Al descubrir una posible presa, el pirata Honrado mandaba izar,
en el mástil más alto del velero, el negro banderín de la calavera
sobre los huesos cruzados, y voceaba a sus marineros para que
realizaran las maniobras necesarias, a fin de alcanzar el buque
fugitivo
- ¡Todo el mundo a sus puestos!
- ¡Timonel, un cuarto a estribor!
- ¡Así, a toda vela, que ya es nuestro!
Y continuaba dando voces de mando para
animar a sus hombres, hasta conseguir
apoderarse, al abordaje, del barco enemigo.
Era a partir de ese momento cuando la
conducta del pirata Honrado no se parecía
en nada a los otros piratas.
Jamás ahorcaba a sus prisioneros, ni los arrojaba a los
tiburones. Se limitaba a desembarcarlos en la costa más cercana,
después de quitarles el oro, las joyas y todas las riquezas que
poseían. Más tarde hundía a cañonazos el barco vacio, y volvía a
recorrer los mares a bordo de su velero.
De tanto capturar y liberar prisioneros, el Pirata aprendió a
distinguir muy bien el carácter de todas aquellas gentes.
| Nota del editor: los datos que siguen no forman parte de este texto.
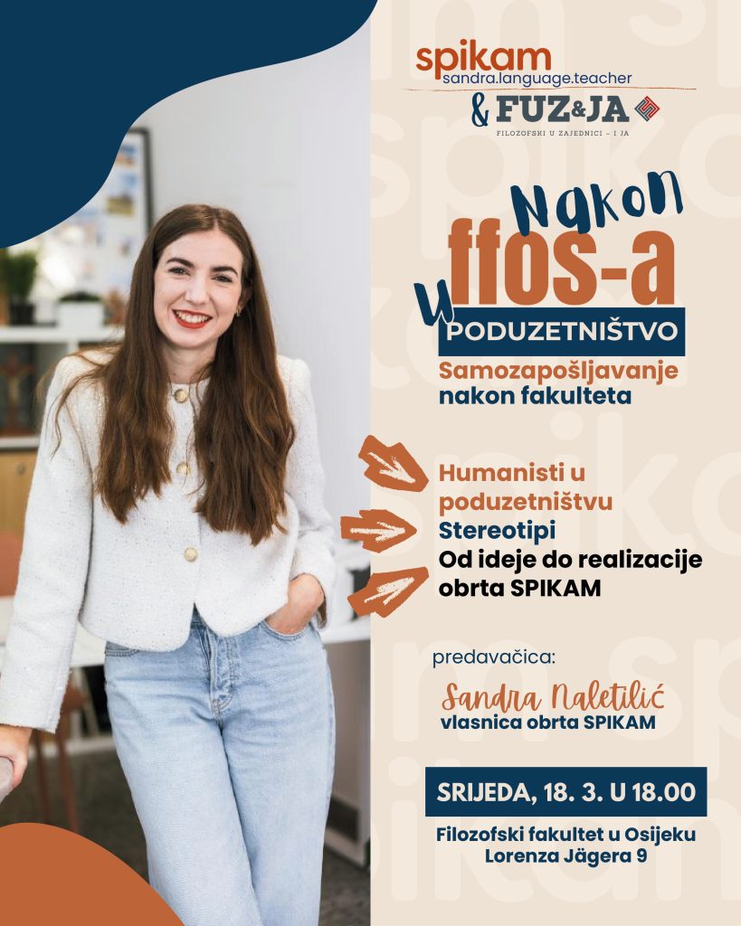 U okviru predavanja predstavit će svoj put od studentske ideje do konkretne realizacije obrta i osvrnuti se na stereotipe koji često prate humanističke studije

Le gustaban los niños pues los hombres y las mujeres solían
ser cobardes, avaros y rencorosos.
Los jóvenes por el contrario, no parecían tener miedo alguno, y
se mostraban alegres y emocionados por la aventura que estaban
viviendo. Al viejo pirata le parecía que, incluso le miraban con
simpatía y respeto.
Un día al pirata se le ocurrió un fantástico proyecto: dejar en
tierra a la gruñona y miedosa gente mayor, e invitar a los niños y
niñas a que le siguieran hasta su refugio misterioso, hasta el
lejano lugar en donde guardaba y gastaba todas las riquezas que
obtenía.
Ese lugar se
llamaba la Isla
Ignorada porque
nadie conocía su
existencia.
Únicamente el
Pirata Honrado y
sus fieles marineros
sabían donde
estaba la isla como
llegar hasta ella.
La isla era un
lugar frondoso y
bello. Tenía
muchas fuentes y
lagos de agua
purísima, bosques
de cocoteros,
palmeras datileras y
también campos
llenos de melones
cacahuetes
regaliz y pipas de
girasol
Además había loros y papagayos de extraño plumaje, liebres
enormes, garzas y grullas, algún jabalí inofensivo, vacas con la
piel a rayas de colores, monos muy cariñosos y toda clase de
animales de fábula. En el mar y en los ríos, la pesca era
abundantísima.
En esa isla, pensó el Pirata Honrado, los niños sabrían
aprender cosas divertidas e interesantes. Y con el dinero que
tenía podrían, entre todos, acabar de construir la capital del país.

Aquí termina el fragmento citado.